Cultural immersion
Growing up, I learned Latvian geography, history, grammar, and literature — even penmanship. In the summers, I occasionally frequented Latvian summer camp in the Catskills, but more often, I spent summer up in the Adirondacks↗ by Lake Champlain↗, in Clemons, New York (just up the road from Whitehall↗, the birthplace of the U.S. Navy) where a group of Latvians, many of them my dad's friends from his Art Academy of Latvia days — and all avid fishermen — had found a spot to congregate. But even while I passed my summers listening to stories of the old days, at the same time, I drifted away from the local Latvian community at home in New York.
Still, friends (and also my first wife) told me there was a passion they saw and heard in me only when I spoke of Latvia.

Separation and loss
My mother's family had all been deported. For years she wrote letters to the family home, now "part of" the Soviet Union. Fifteen years after being taken away, the family was allowed to return to Latvia but not to their old home, now a kolkhoz↗. Still, without permission, they would sneak away for an occasionally visit. Someone working at the kolkhoz who knew the family from before the war saw one of my mother's letters, stole it, and gave it to the family the next time they visited. When my mother unexpectedly received a letter back, she was understandably ecstatic!
My mother and her sister Laura exchanged letters under assumed names — my parents had also been slated for deportation, and according to Soviet law, as a Soviet "citizens" who had "defected", also traitors. One day the KGB came and packed my mother's sister-in-law Erna and daughter Gaida into a car to take them away to Siberia, again, for five more years. When the car stopped in front of Laura's apartment building, they feared the worst. But, as it turned out, one of the KGB officers lived in the same building and was only stopping by his apartment.
Growing up, we didn't have a lot, but my mother scrimped, saved, economized, and we got by. It wasn't easy — my father had passed away three months after I turned seven. Nevertheless, we paid "import" duty on behalf of our relatives, $1 per 1 ruble of duty, sending clothes and whatever else we could to relatives. Only, as we found out years later during our first post-Soviet visit, to have apparatchiks remove everything from our boxes and replace the contents one-for-one with inferior substitutes. American jeans replaced with cheap Vietnamese knock-offs. Scarves, sweaters, blankets replaced with cheap threadbare Soviet mass-produced goods.

Reunion after half a century — and Latvian beginnings

Suddenly, SATURDAY, SEPTEMBER 7, 1991, unexpectedly, the catastrophic demise of the Soviet Union offered me the chance to see my relatives, and for my mother, the hope of seeing her family for the first time in over half a century.
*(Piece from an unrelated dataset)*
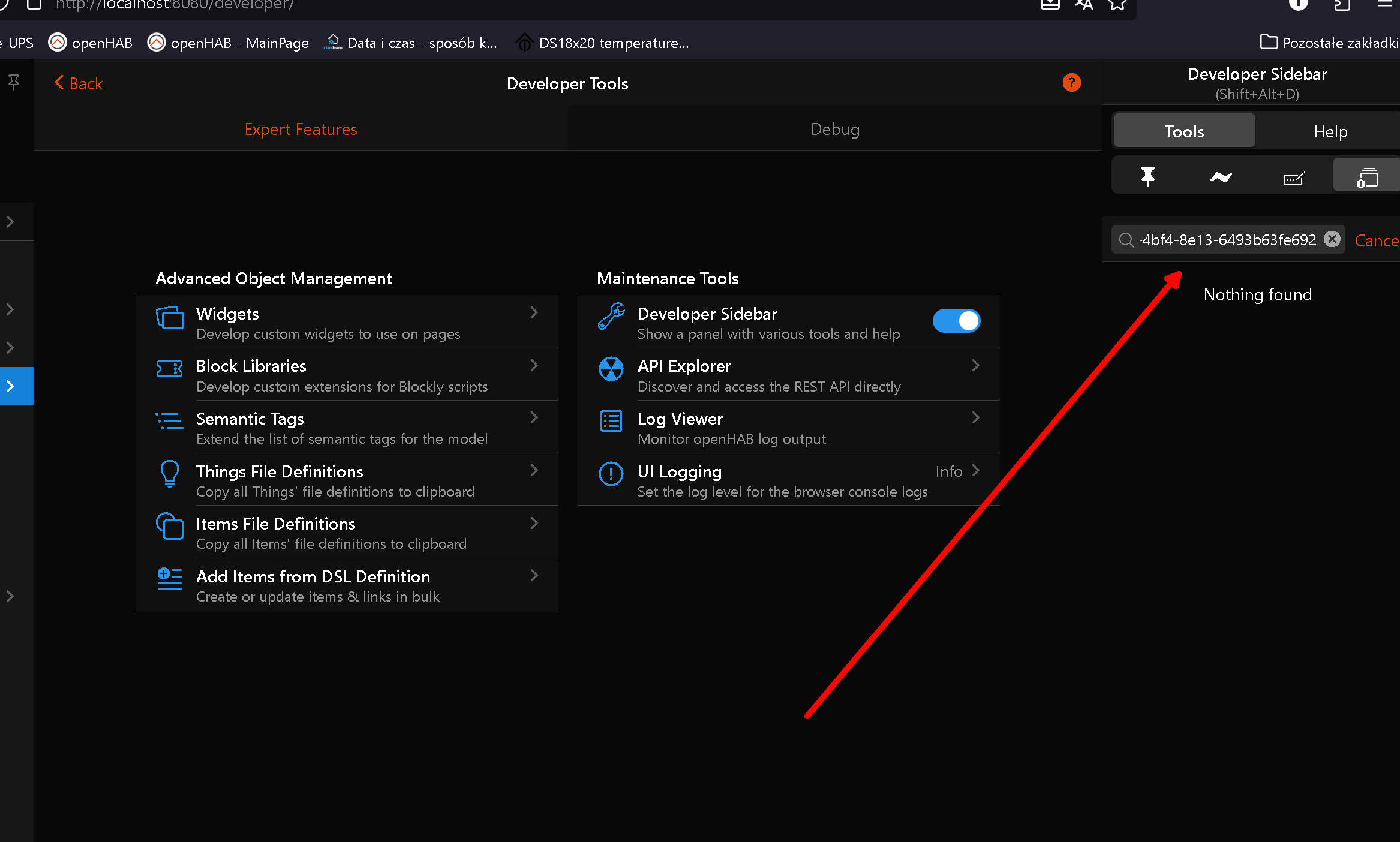 but through the developer bar search window is nothing to find when I put the identifier eg. this:
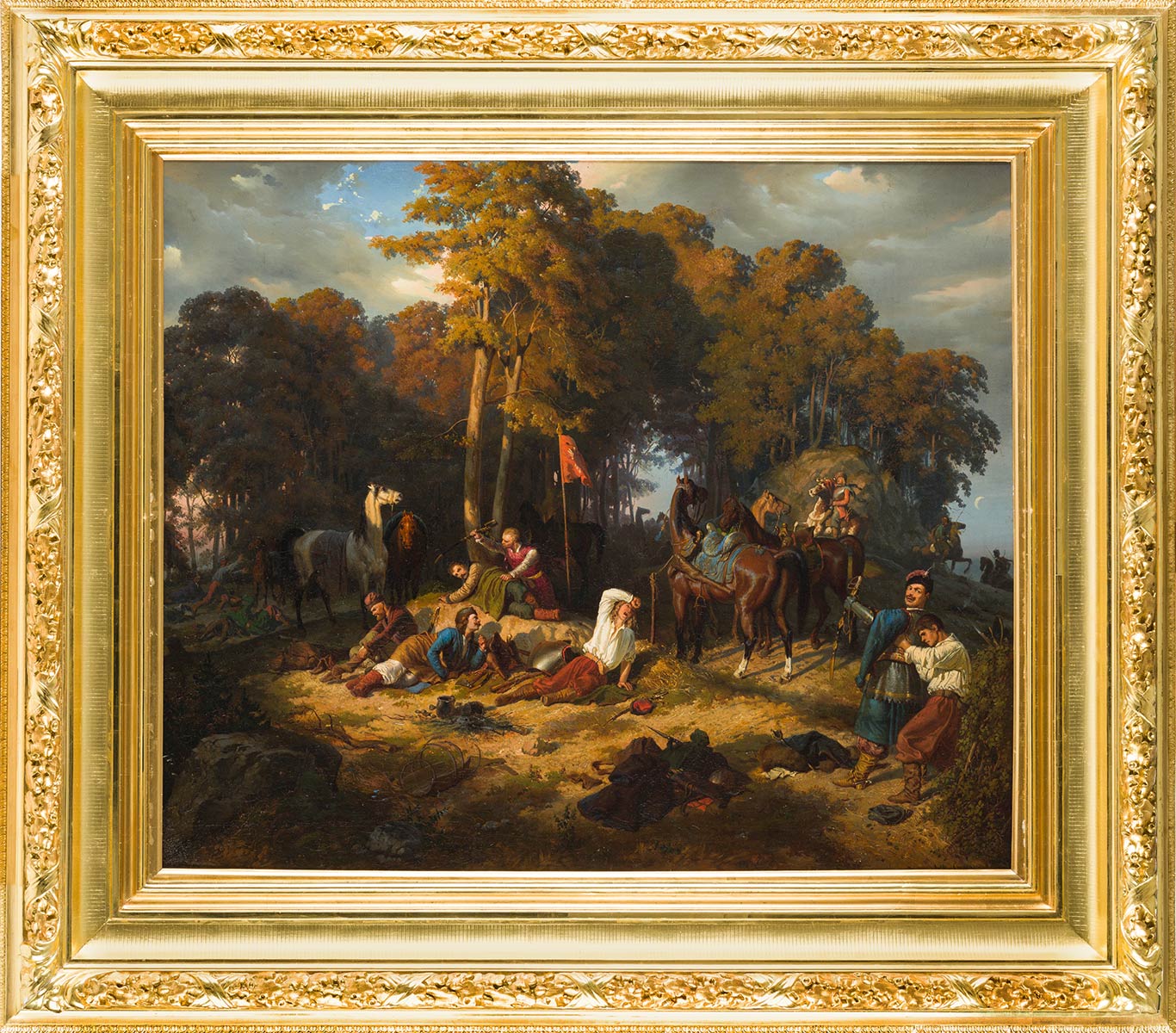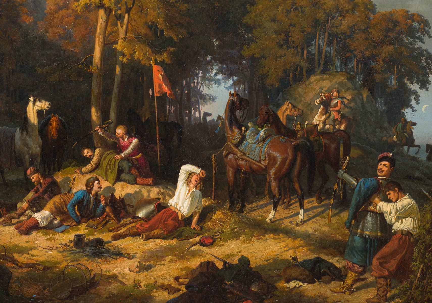 Krótki rys biograficzny Grottgera nakreślony przez Nowakowską uświadamia, jak wielką rolę w krótkim życiu artysty odgrywała tematyka historyczna, jak głęboko jego twórczość była zakorzeniona w tradycji wielkiego malarstwa poprzedników – Januarego Suchodolskiego czy Aleksandra Orłowskiego, by wymienić tylko niektórych z nich. Mnogość zachowanych rysunków w sposób istotny dopowiadają nieliczne ale o niezwykłej wartości kompozycje olejne Grottgera. Repertuar tematyczny tych ostatnich, łączący estetyczne normy akademizmu z romantyczną uczuciowością i realistycznym odtworzeniem szczegółów przedstawionych zdarzeń, obejmował kompozycje historyczne, sceny rodzajowe i portrety. Najwcześniejsze prace artysty powstające pod okiem jego ojca, stały się zaczynem dla wykreowania twórczej wizji naznaczonej stygmatem patriotyzmu. Pod wpływem sztuki Juliusza Kossaka w latach 50. XIX wieku koń stał się często powracającym motywem, natomiast największym piętnem na malarstwie Grottgera z tego okresu odcisnęła się sztuka Januarego Suchodolskiego, jednego z koryfeuszy polskiego malarstwa narodowego. Fascynowała go również twórczość Aleksandra Orłowskiego, wybitnego reprezentanta nurtu rodzajowo-realistycznego w polskim malarstwie. Obrazy Grottgera z lat 1854-1859, kiedy był studentem wiedeńskiej Akademii, reprezentują typowy dla akademickich konwencji obrazowania sposób reżyserowania sceny batalistycznej, dynamicznej, tłumnej, sugestywnie oddającej bitewny chaos.

And so started my voyage back into my heritage.
Peters' first view of his grandfather's mill, Mordangas dzirnavasIf we used to pack a lot in our "care" packages, our luggage over the next few years included everything from toilet tissue to folding beds and chain saws. I would typically go over together with my mother, spend a week, two weeks, or even three, and then she would stay for at least another month until I got a small apartment in Rīga and my mom moved there for a number of years.
Less than a decade later came another unexpected date: Sunday, May 23, 1999, not only my father's birthday close to a century earlier—I'm a sentimentalist—but a day that seemed just as improbable. That first time I set foot on Latvian soil, little did I suspect that some day I would be visiting with someone who shared both my life and my Latvian heritage!
That was the day Silvija and I married, the "second time" around for both of us.